- MATERIAL PROVIDED
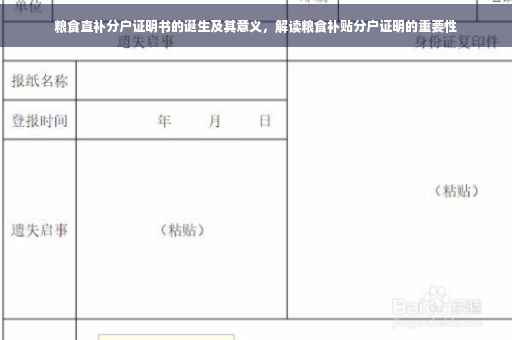 粮食直补分户证明书是在国家实施粮食直补政策的大背景下诞生的,该政策旨在给种粮农民提供一定的经济补贴,以减轻其生产负担,提高种粮积极性,在实际执行过程中,由于农村家庭结构的复杂性,如分家、离异等情况,导致粮食补贴发放时容易出现纠纷,为了解决这一问题,粮食直补分户证明书应运而生,此证明书使农民能够明确各自在农业生产中的权益,保障农民的合法权益,进而促进农村社会的和谐稳定。
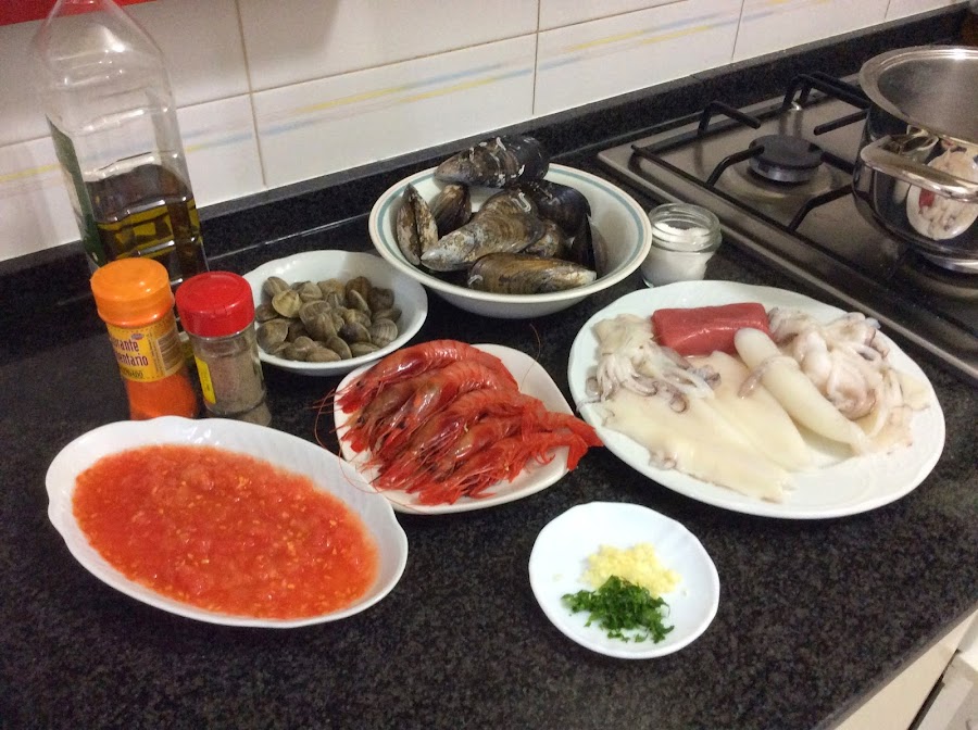 Lo primero que haremos es limpiar bien los calamares y la sepia así como cortarlos en anillas y trozos pequeños respectivamente; el tomate lo rallaremos y reservaremos, así como el ajo y el perejil finamente picado.
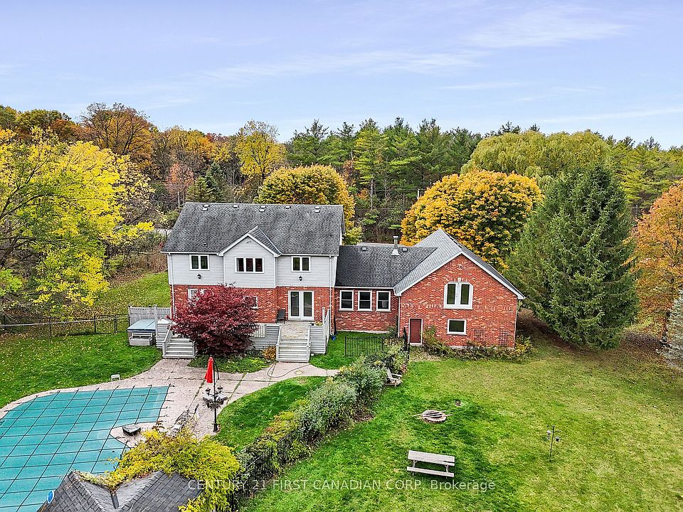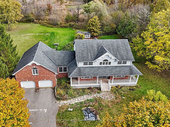 Discover the perfect blend of comfort and tranquility in this charming home, nestled in a beautiful country setting. Thoughtfully designed, the home welcomes you with a grand staircase, and 17-foot foyer ceilings, a large, updated kitchen ideal for family gatherings and entertaining while the living room has a great functional layout that offers both style and practicality. Features include 4+1 spacious bedrooms, 2.5 bathrooms, formal dining room, master bedroom offers a walk-in closet, and 5-piece ensuite. Enjoy the privacy of rural living while being just a short drive from all amenities. Situated on a 1.21-acre lot with mature trees, and an additional 1 acre lot directly beside the property , survey completed just awaiting finalization. The price for 1 acre lot can be purchase for additional $320,000 (together). Other features include in-ground pool, hot tub, 4 car garage, 6 car parking driveway, workshop, partially finished basement, neutral paint throughout, lots of natural lighting, tons of storage space. Whether you're relaxing on the porch, cooking in the generous kitchen, or taking in the beautiful views, this property offers a true sense of home with space to grow.

- TRY IT
All lines from the beginning of the material above through the line holding "Lo primero que" are to be given again exactly, and no others; pictures do not go in.

- OUTPUT
 粮食直补分户证明书是在国家实施粮食直补政策的大背景下诞生的,该政策旨在给种粮农民提供一定的经济补贴,以减轻其生产负担,提高种粮积极性,在实际执行过程中,由于农村家庭结构的复杂性,如分家、离异等情况,导致粮食补贴发放时容易出现纠纷,为了解决这一问题,粮食直补分户证明书应运而生,此证明书使农民能够明确各自在农业生产中的权益,保障农民的合法权益,进而促进农村社会的和谐稳定。
 Lo primero que haremos es limpiar bien los calamares y la sepia así como cortarlos en anillas y trozos pequeños respectivamente; el tomate lo rallaremos y reservaremos, así como el ajo y el perejil finamente picado.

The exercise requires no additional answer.